İlk olay sinemada başıma geldi. Büyük bir hevesle Cem Yılmaz’ın İftarlık Gazoz filmine gittik. Işıklar söndü. Film başladı. O saniyede onlarca poşet hışırtısı duymaya başladım. Daha sonra yanımda oturan genç kız hışırtılar eşliğinde cips, diğeri kraker yemeye başladı. Filmi beğenmemiş olacak ki, ileri düzey teknoloji ürünü cep telefonun projeksiyon ışığını aratmayacak aydınlığı eşliğinde Facebook’da takılmaya başladı. Ne konsantre kaldı bende ne keyif. Uyardık tabi ki ama bir süre sonra yeniden başladı. Ön sıralardan haşır huşur cips poşeti ve mısır sesleri birbirine karıştı ve ben filmin ikinci yarısını görmeden arada sinemadan çıktım.

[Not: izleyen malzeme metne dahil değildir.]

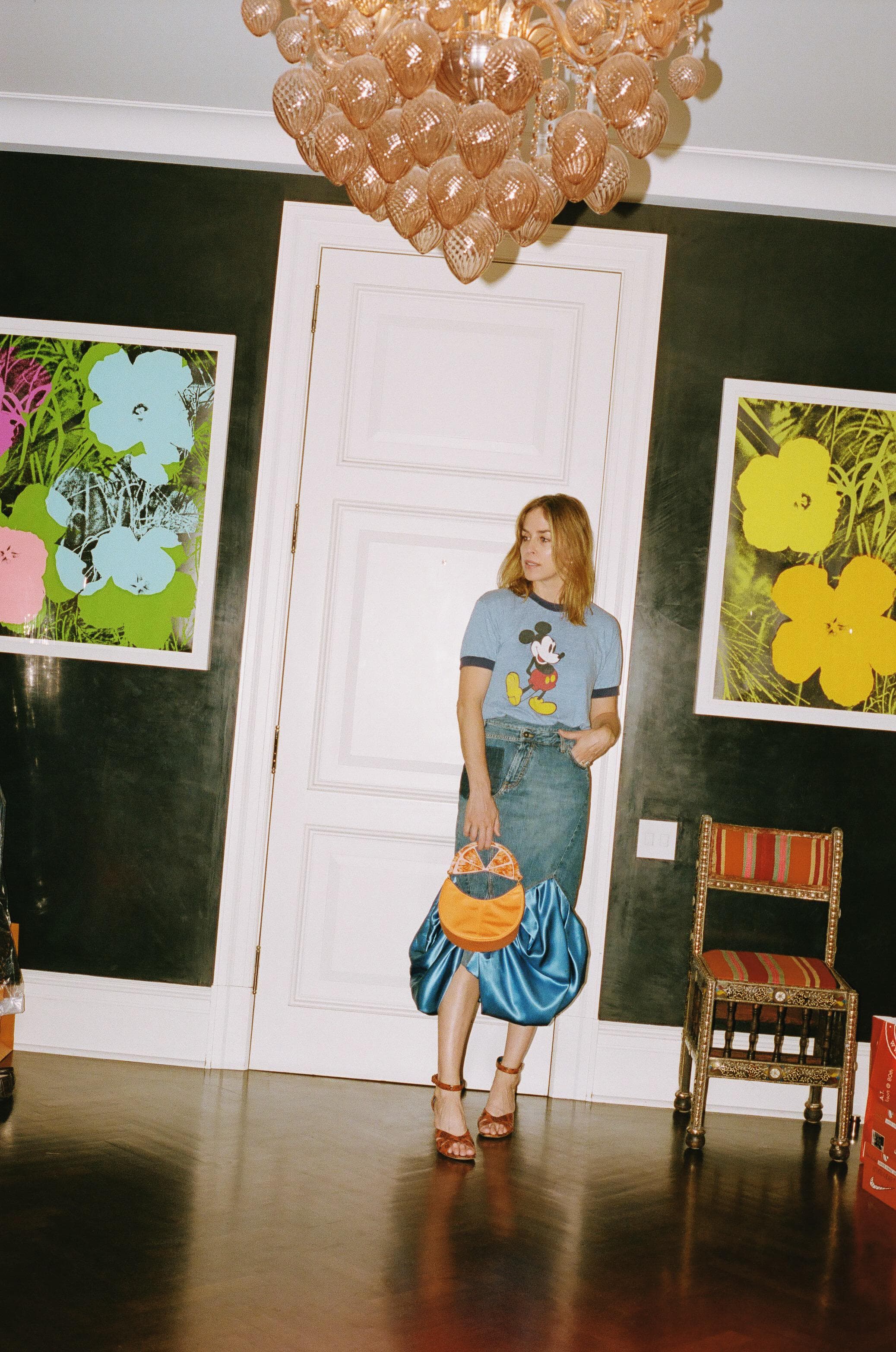 Photo: Christina Stoever“I bought this skirt this past year. It's Loewe, but I love it because it looks like an old Junya [Watanabe] skirt I sold and always regretted it. I'm obsessed with it and I've worn it to everything—Paris, my friend's birthday party. It's the kind of clothing piece that really makes me happy. That Mickey Mouse tee is vintage that I've literally had since high school and wear all the time. I had the sweatshirt too, and my daughter stole it from me. So I have to guard the T-shirt with my life. I'm also wearing old Celine orange shoes with that because again, I feel like once you look insane, you should just pile it on. This was a day look for me, but [I wore] it to cocktails.”

Alışveriş yapmak için markete gittim. Alışveriş bitti. Paketler kasaya doğru kondu. Bekliyoruz. Dakikalar geçti ve biz hala bekliyoruz. Müşterimiz sebze reyonunda ürün tarttırıyor bazı ürünleri geçtim diyor kasiyer; biz hala beklemede. Diğer kasalarda kalabalık. Derken sepetinde en az sekiz, on parça teferruatla bir kadın belirdi. Pardon! ben geldim de! Sıra benimdi. Kasaya bıraktıydım ben aldıklarımı filan dedi. Geçti gitti. Ne diyelim kadın önceden “rezervasyon yaptırmış” kasada. Ben ve arkamda oluşmuş kuyruk abartısız yetmişlerin yağ kuyruğuna dönmüştü. Hazır sebze tarttırmaya gitmiş, eli değmişken toptan alışverişini de yaptı zaar.

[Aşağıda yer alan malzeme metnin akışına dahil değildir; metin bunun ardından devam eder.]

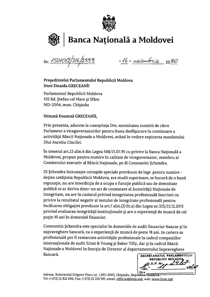 Cu puțin timp în urmă, Lustrația a publicat două scrisori adresate Președintelui Parlamentului, Zinaida Greceanîi prin care Octavian Armașu propune numele a doi candidați care ar urma să fie numiți în funcția de viceguvernatori. Este vorba de ȘCHENDRA Constantin și Maia Pârcălab. Pentru că au părut incomplete, Lustrația a decis să completeze cu informații verificate CV-urile celor două personaje apropiate de clanul Phahotniuc-Candu.
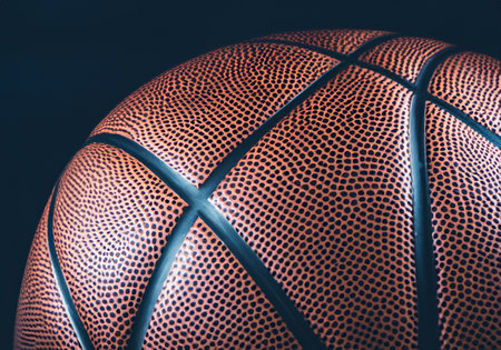 Sports props, close up of basketball ball against a dark background
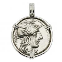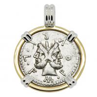 • Roman Republic 122 BC, Roma and Dioscuri denarius in 14k gold pendant.
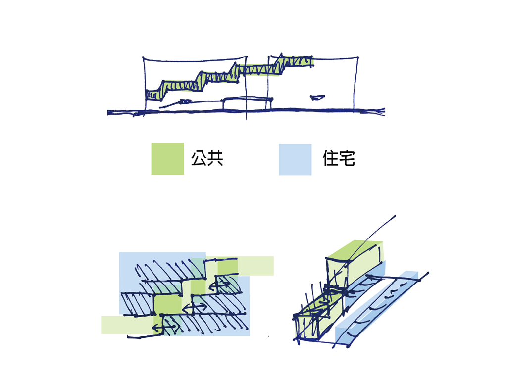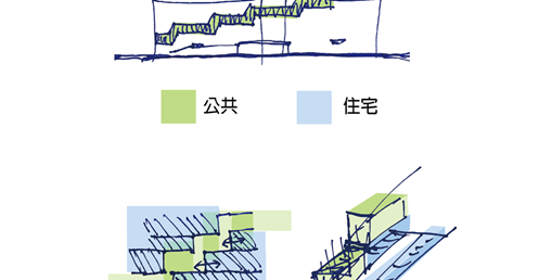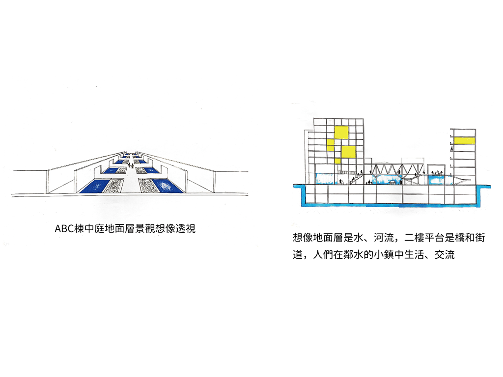 社會住宅不只是以較低價格在都市中居住的手段,應該提供相應策略,幫助居民在社會上站穩腳步。為了生活打拼的人們在這裡交會,如同古時候人們傍水而居、依靠水帶來的豐饒,讓社會住宅成為水一般的存在。

Eve dönüş ayrı dert oldu. On beş katlı, beş bloktan oluşan güvenlikli, sosyal alanlı bir site diye aldığımız evimizin, binamızın asansörü bozuktu. Neden? Çünkü yasak olmasına rağmen yük taşındığı için bozulmuştu… Merdivenleri nefes nefese çıkarken ki on beş kat diyorum arada hatırlatayım. Pek çok Kapı önlerine de dekor olsun diye herhalde üçer, beşer, çift ayakkabı konmuştu…

Yıl 2016 evet. Teknoloji çağındayız farkındayım. Otuz yıl öncesine göre daha fazla sayıda eğitimli üniversite mezunu insanımız var biliyorum fakat bu durum bizim toplum kurallarını bildiğimiz yada bilsek bile onlara riayet ettiğimiz anlamına gelmiyor. Gelemiyor... O zaman ne yapacağız? Komedyen Cem Yılmaz’ın eğitim şart! Sözünü uygulayacağız. Eğitim şart hanımefendiler beyefendiler. Görgü, nezaket, uygarlık, medeniyet para ile satın alınamıyor.